Why do you think that involving people affected by asthma is an important part of Asthma UK's research programme?

I believe that the best research comes as a form of collaboration between the research community and the patients who are affected by the condition. I have seen good patient engagement lift recruitment rates, provide clarity to the supporting study documentation and provide a lay voice that can help interpret the outcomes of research into language that helps boost public interest and provide a platform to broaden support for future studies. When research is well understood and widely communicated to the public, gaining greater levels of financial support and focus become much easier.

How has being a RaP volunteer benefitted you?

It has given me a fantastic sense of involvement and control I have learned so much to the benefit of Alex and others who I talk to about asthma barely a day goes by without it being a topic of conversation somewhere in my life. Through the volunteer activities, I have been lucky to meet some of the leading asthma researchers in the world and they have all been interested and engaged in Alex's story. Their commitment and passion to improve patient outcomes has equally driven my own engagement, and I have learned a lot about myself in the process.

What has been your best experience as a RaP volunteer so far?

Getting to the end of a big research project like U-BIOPRED has been really interesting to be part of 5 years is a long time to be involved with a project, and as in all aspects of life, there have been a fair share of ups and downs along the way. As the research now nears the end, it is really exciting to see the potential outcomes resolving hopefully for the direct benefit of all patients with severe asthma across the world as the research becomes a platform for other studies to build on.
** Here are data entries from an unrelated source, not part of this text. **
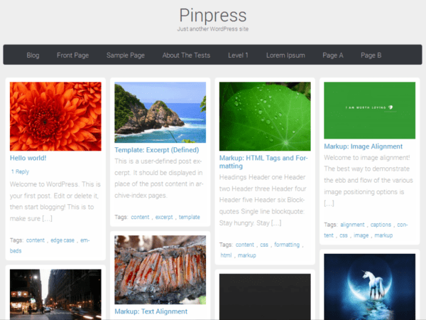 A responsive theme with neat masonry layout similar to pinterest with infinite scroll. If you need a perfect mobile theme, then pinpress might be the right option. combine the plugin Gamma gallery – https://appwritefunc.yet-another-testing-domain.com/api/grab?url=https://wordpress.org/extend/plugins/gamma-gallery/ to see amazing effects.
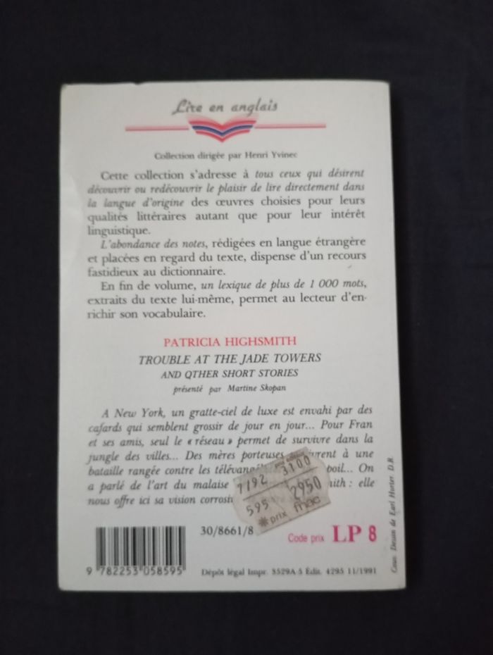 Je vends ce recueil de nouvelles "Trouble at the Jade Towers and Other Short Stories" de l'autrice Patricia Highsmith, en langue anglaise. - Titre : Trouble at the Jade Towers and Other Short Stories - Auteur : Patricia Highsmith - Éditeur : Lire en anglais - Langue : Anglais Bon état N'hésitez pas à me contacter pour plus d'informations !
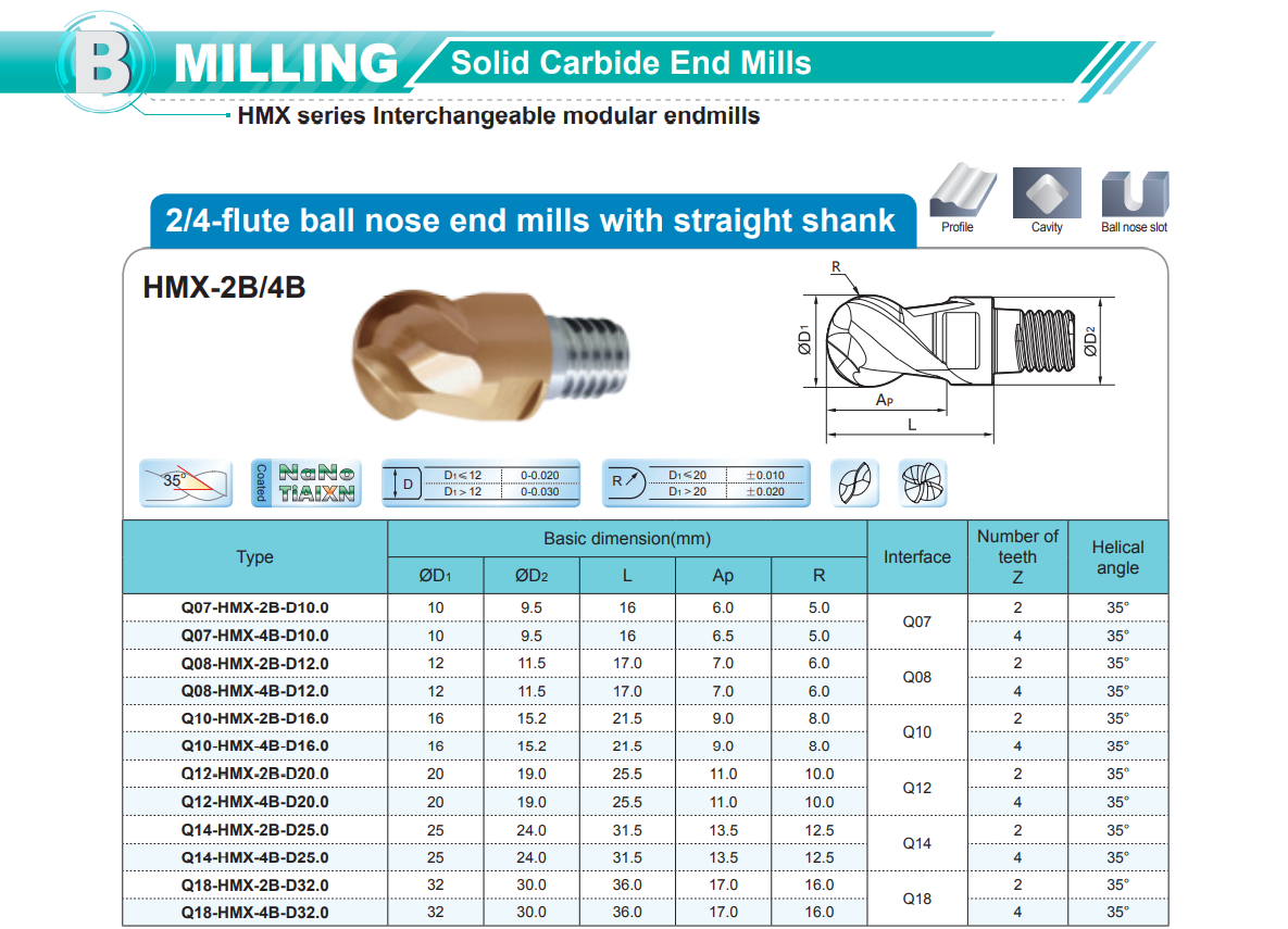 Lưỡi dao phay hợp kim ZCCCT HMX-2B/4B là dòng dụng cụ cắt đa dụng cho hiệu suất cực cao tạo bề mặt chi tiết mịn bóng, dụng cụ cắt này áp dụng cho công việc gia công nhiều vật liệu như các loại thép hợp kim, thép gang, thép dẻo, Inox ... thích hợp gia công độ chính xác cao, đáp ứng được những tiêu chuẩn khắt khe trong gia công.
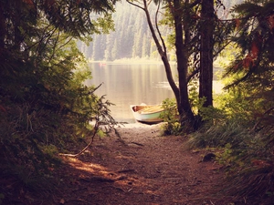 grass, lake, trees, viewes, Leaf, Boat
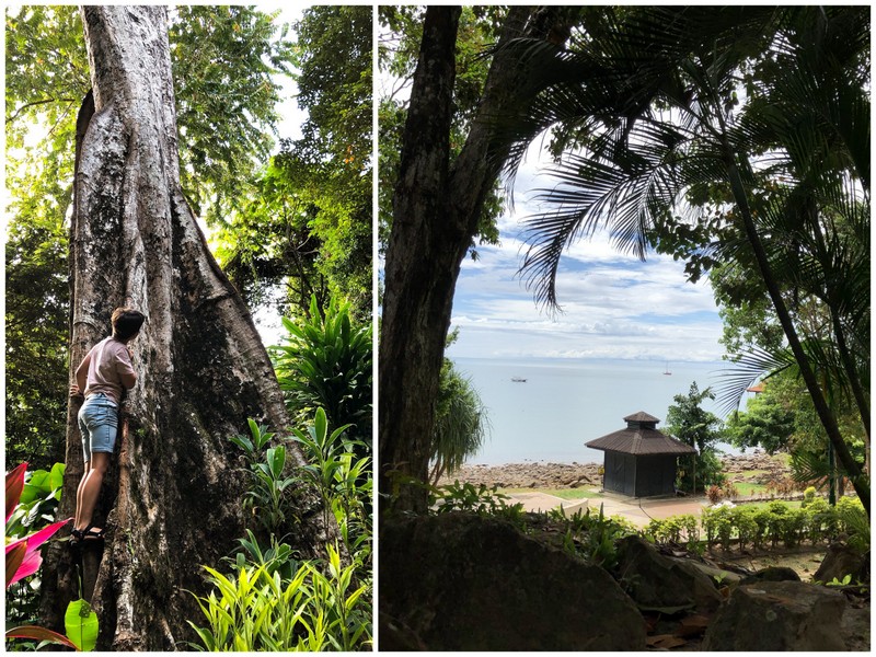 Nagyon közel vagyunk az egyenlítőhöz, a páratartalom olyan magas, hogy a kimosott ruhák napokon át nem száradnak meg, és a levegővétel is komoly gondot okoz. Kocogni tuti nem fogunk itt, de még sétálni is nehézkes. Ebben az időszakban szinte mindig van felhő az égen és legalább egyszer egy nap elkap minket egy kisebb felhőszakadás, de még így is tikkasztó a hőség. A hotel a tengerparton van, de a hozzá tartozó faházak a dzsungel kis ösvényein helyezkednek el szétszórva. Itt lakunk az égig érő fák között, bármit elcsenni kész majmokkal, hihetetlen madárhangokkal és a helyi kabócák szűnni nem akaró “ciripelésével”, ami leginkább egy nagyüzemi trafóház zajához hasonlít.
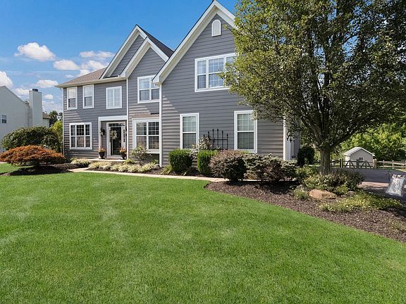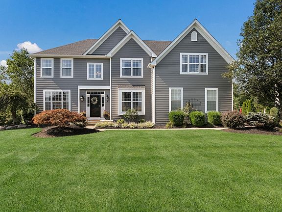 Welcome to this meticulously maintained and tastefully decorated home! This is an immaculate 4 bedroom, 2 full & 2 half bath Colonial home, which beams with pride of ownership! Enter by way of the 2 story foyer with a turned staircase and gleaming hardwood floors that are also throughout the entire first level. The foyer opens to the formal sunlit living room, with crown molding. The beautiful dining room boasts a window seat and custom moldings. The stunning gourmet kitchen, includes granite counter tops, stainless appliances, double wall ovens, a cooktop and extra large island. The breakfast room has slider doors that open to a large covered Trex deck that overlooks the peaceful backyard. The expansive two story family room has a wall of windows, allowing for sun drenched views of the inviting pool. There is a gas fireplace and a second staircase. This spacious room is perfect for large gatherings. A first floor study/office and powder room complete the first floor. The Upstairs hallway has hardwood floors and a balcony overlooking both the foyer and the family room. Double doors lead to the grand master suite, with a tray ceiling , hardwood floors, two generously sized walk in closets, separate sitting room, and a stunning spa like master bath. Three additional bedrooms, a laundry room , and another updated bath complete the second floor. The finished basement is a must see, with several recreational areas and a new powder room. There are slider doors to walk out to the paved patio, which leads to the gorgeous backyard. This private retreat has a second patio with a fire pit and a serene in-ground pool, with plenty of lounging space for entertaining. The yard has a new shed, split-rail fence and backs to a beautiful walking path. This home is surrounded by mature trees and extensive manicured landscaping. There is a 2 car side entry garage, with an extended driveway. New upgrades include: New roof: July 2020, New Siding March 2019, New Pool: March 2019, New Shed March 2019, New Wood Floors throughout home: March 2019 New Powder Room in Basement March 2019, New Carpeting in Basement January 2020, Master Bath Remodel: June 2017. All of this and a rare opportunity to live in the highly sought after community, of Barrington Estates! This is truly a lovely home, to call your own! Seller is related to the listing agent.

Talking about the work of Asthma UK and the research at events has also been great to be involved in. I have spoken with alongside Alex to huge audiences at the European Respiratory Symposium in Vienna, ran a 5k with an Olympian, and met Sir Alex Ferguson and the inspiring Olympic rower, Katherine Grainger, whilst speaking at charity fundraisers. It has been fun and interesting in equal measure.

What are your hopes for Asthma UK's research, and asthma research in general, for the future?

We all want a cure don't we? It is essential that the research continues apace, and it's wonderful to see the UK leading in so much of this on the ground. The involvement of RaP volunteers is essential to help build and maintain an understanding of how asthma affects daily lives, how medication works (or not!) and what the impact of asthma is on people where priorities for treatment or support lie to help influence that research agenda.